FedEx is Reshaping Last Mile with Autonomous Vehicles

FedEx
Logistics
LastMile
AutonomousVehicles
3 min
FedEx is expanding a trial of autonomous vehicles in its last-mile logistics process with partner Nuro, including multi-stop and appointment deliveries

FedEx is embarking on an expanded test of autonomous, driver-less delivery vehicles to develop its last-mile logistics. 

The US logistics firm piloted autonomous vehicles from Nuro in April this year, and the pair will now explore that further in a multi-year partnership. Cosimo Leipold, Nuro’s head of partnerships, said the collaboration "will enable innovative, industry-first product offerings that will better everyday life and help make communities safer and greener". 

FedEx will explore a variety of on-road use cases for the autonomous fleet, including multi-stop and appointment-based deliveries, going beyond more traditional applications of the technology in single-route movement of goods from A-B. Exponential growth in ecommerce is spurring its broader experimentation in new autonomy solutions, Fed-Ex says, both in-warehouse and on-road. 

“FedEx was built on innovation, and it continues to be an integral part of our culture and business strategy,” said Rebecca Yeung, Vice President, Advanced Technology and Innovation, FedEx Corporation. “We are excited to collaborate with an industry leader like Nuro as we continue to explore the use of autonomous technologies within our operations.”

 

The changing role of couriers 

Unlike structured delivery networks, operating under long-term partnerships and contracts, agility is where couriers deliver true value - and their ability to deftly solve last-mile fulfilment has most acutely been felt during the pandemic.
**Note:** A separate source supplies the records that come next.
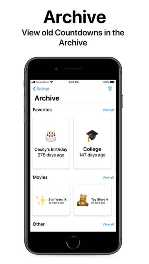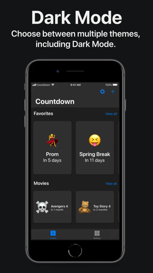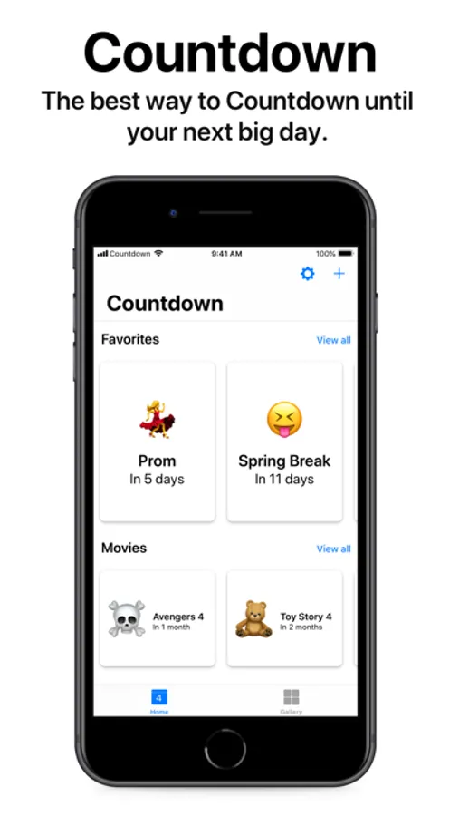 Countdown makes counting down those important days easy. Simply title your Countdown, give it an emoji, and pick the date for your Countdown.
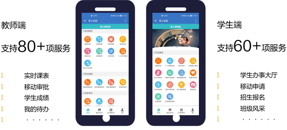 打破物理校园边界,为广大师生提供数字图书馆、校园一卡通、安全监控、虚拟校园等个性化、一站式、线上线下相结合的综合服务,营造丰富多彩的校园文化和提供方便周到的校园生活。
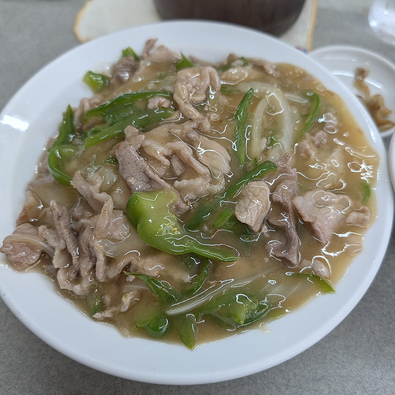 前回訪問時の印象は青椒肉絲丼。あながち間違いではないが竹の子も入っていないし、豚肉も細切りではないのでよりシンプルになった形と言える。たっぷりの餡が掛かりかなりのボリューム。
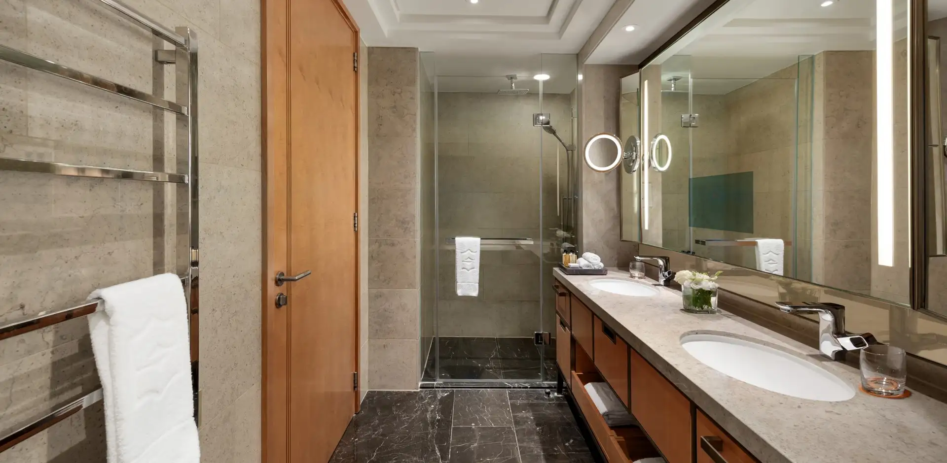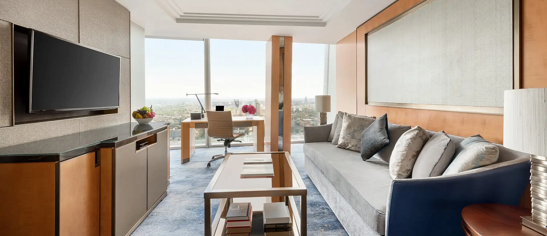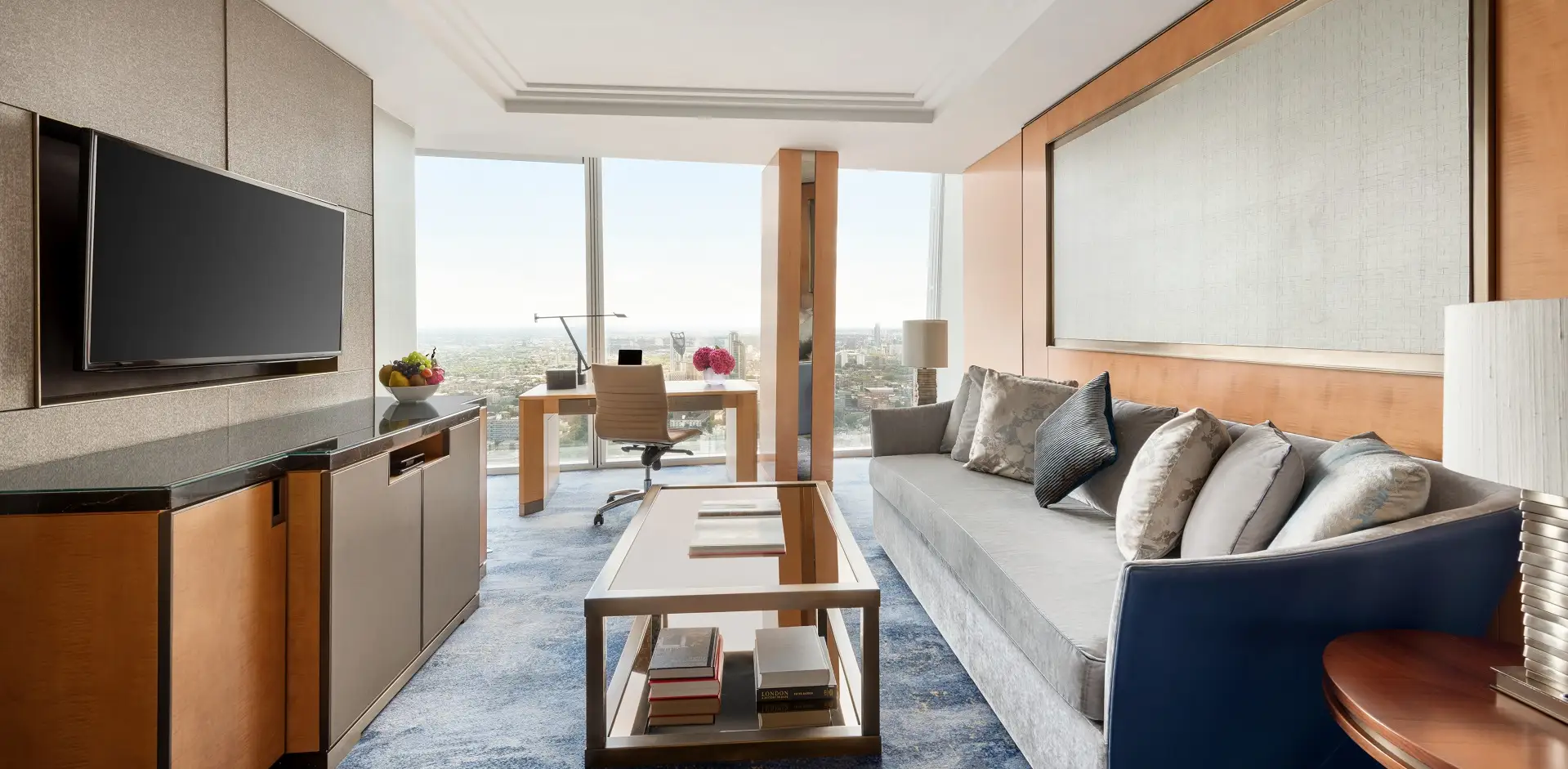 Номер с отдельной гостиной и видом на южную часть Лондона. Ванная комната с тропическим душем, подогревом полов и отдельной ванной.
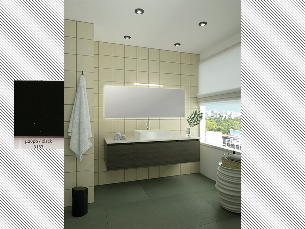Σετ Μπάνιου Elegance Soul 003 της εταιρείας Savvopoulos, αποτελούμενο από Βάση,Πάγκο, Νιπτήρα, Καθρέπτη & Φωτιστικό.

For the billions of people around the world forced to stay at home to protect themselves and their communities from the spreading COVID-19 virus, couriers have been a constant. They may have been the only knock at the door some people experienced for weeks or months at a time. 

But the last-mile has been uprooted by a boom in ecommerce, a shift that has been most apparent in the UK, US, China and Japan, according to the Global Parcel Delivery Market Insight Report 2021 by Apex Insight. These are markets with dominant economies and populations used to running their lives with a tap of a screen or double-click of a mouse. 

“Getting last mile delivery right has long been a challenge for retailers,” says Kees Jacobs, Vice President, Consumer Goods and Retail at Capgemini. “In 2019, 97% of retail organisations felt their last-mile delivery models were not sustainable for full-scale implementation across all locations. Despite increasing demand from customers, companies were struggling to make the last mile profitable and efficient.”

Jacobs says that the pandemic alleviated some of these stresses in the short term. With no other option, consumers were understanding and tolerant, if not entirely happy, with longer delivery times and less transparent tracking. “But, as extremely high delivery demand continues to be normal, customers will expect brands to contract their delivery times,” he adds. 

Last mile's role in ESG

Demand and volume weren’t the only things that have changed during the pandemic - businesses looked closer to home and as a result became more sustainable. Bricks and mortar stores were transformed from mini-showrooms to quasi-fulfilment centres. Online retailers and other businesses sought local solutions to ship more faster. In densely populated London, UK alone, Accenture found that delivery van emissions dropped by 17%, while Chicago, USA and Sydney, Australia saw similar emissions savings.